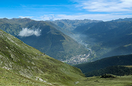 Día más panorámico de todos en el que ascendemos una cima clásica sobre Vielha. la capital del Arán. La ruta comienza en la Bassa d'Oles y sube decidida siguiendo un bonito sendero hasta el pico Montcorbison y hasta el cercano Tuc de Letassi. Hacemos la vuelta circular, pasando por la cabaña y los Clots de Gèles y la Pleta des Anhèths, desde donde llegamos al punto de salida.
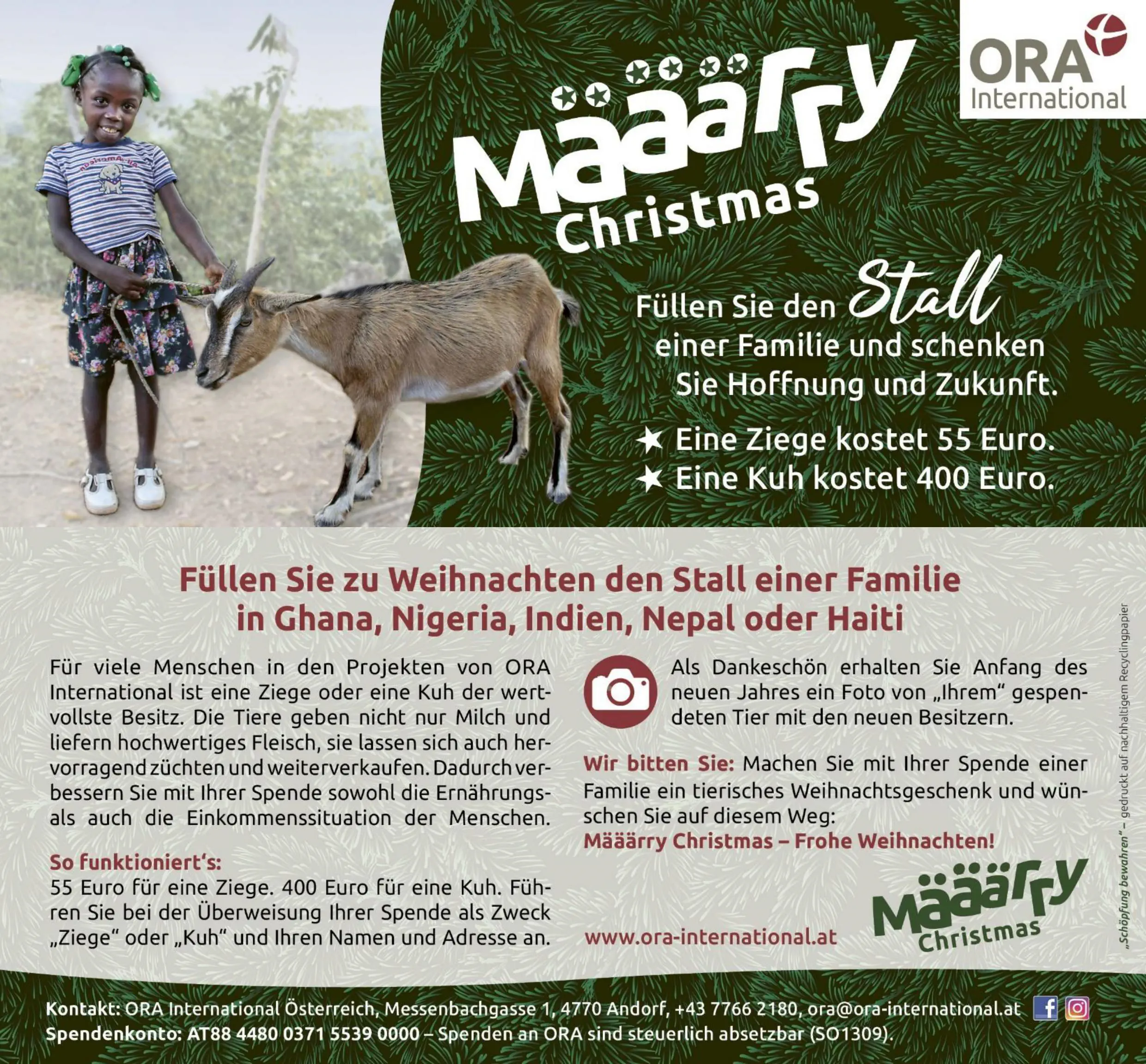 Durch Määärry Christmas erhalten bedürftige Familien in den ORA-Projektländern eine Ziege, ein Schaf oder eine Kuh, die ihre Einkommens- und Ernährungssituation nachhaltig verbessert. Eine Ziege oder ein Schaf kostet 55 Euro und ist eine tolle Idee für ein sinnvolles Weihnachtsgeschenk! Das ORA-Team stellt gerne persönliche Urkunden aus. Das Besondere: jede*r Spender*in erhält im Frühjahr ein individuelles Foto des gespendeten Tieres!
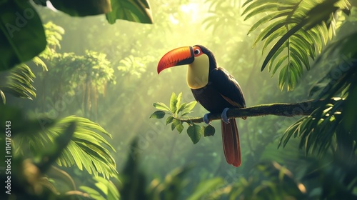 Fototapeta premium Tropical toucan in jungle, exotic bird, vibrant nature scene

=====

EXERCISE DIRECTIONS. Write out all of the data above exactly, without any of its pictures.

WRITTEN RESPONSE.
 Día más panorámico de todos en el que ascendemos una cima clásica sobre Vielha. la capital del Arán. La ruta comienza en la Bassa d'Oles y sube decidida siguiendo un bonito sendero hasta el pico Montcorbison y hasta el cercano Tuc de Letassi. Hacemos la vuelta circular, pasando por la cabaña y los Clots de Gèles y la Pleta des Anhèths, desde donde llegamos al punto de salida.
 Durch Määärry Christmas erhalten bedürftige Familien in den ORA-Projektländern eine Ziege, ein Schaf oder eine Kuh, die ihre Einkommens- und Ernährungssituation nachhaltig verbessert. Eine Ziege oder ein Schaf kostet 55 Euro und ist eine tolle Idee für ein sinnvolles Weihnachtsgeschenk! Das ORA-Team stellt gerne persönliche Urkunden aus. Das Besondere: jede*r Spender*in erhält im Frühjahr ein individuelles Foto des gespendeten Tieres!
 Fototapeta premium Tropical toucan in jungle, exotic bird, vibrant nature scene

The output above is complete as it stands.